- Official: Catalan
- Foreign: Spanish and French
- Signed: Catalan Sign Language Spanish Sign Language French Sign Language
- Keyboard layout: Andorra uses the Spaniard QWERTY layout

= Languages of Andorra =

The national language of Andorra is Catalan, a Romance language in the Western Romance group, spoken by over 9 million people in nearby regions of Spain and France.
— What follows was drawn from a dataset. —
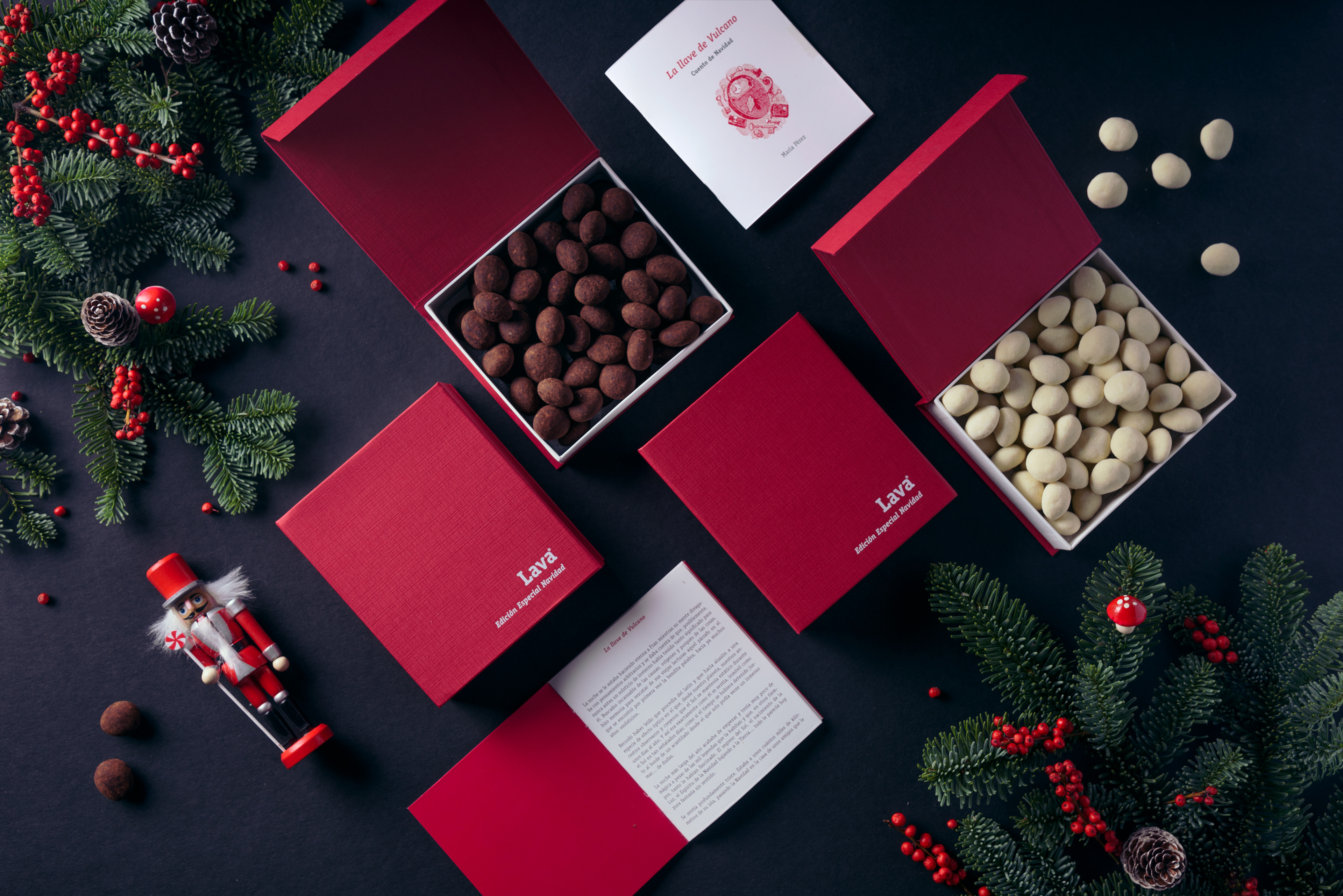 Special edition chocolate box made for Lava. The idea is to make a unique edition each year and invite a new writer each year to think up a traditional Christmas Carol that goes with the product. This year we invited María Pérez and she came up with an uplifting story related to the devastating volcanic activity on the island of La Palma in 2021, where one part of the benefit went to a charity supporting the many families that lost everything. The project got quite a lot of attention from the local media. Edition: www.chocolatedecanarias.es Story: La llave de Vulcano: María Pérez © 2021 Illustration: The Little Book of Typographic Ornament, Laurence King Publishing. Concept and design: Lars P Amundsen Photography: María Laura Benavente

While Catalan is the only official language, Spanish is particularly widespread, and French and Portuguese are also commonly spoken due to immigration and geographic proximity. Most residents of Andorra are multilingual, typically speaking Catalan and their native language, as a significant portion of the population was born outside the country.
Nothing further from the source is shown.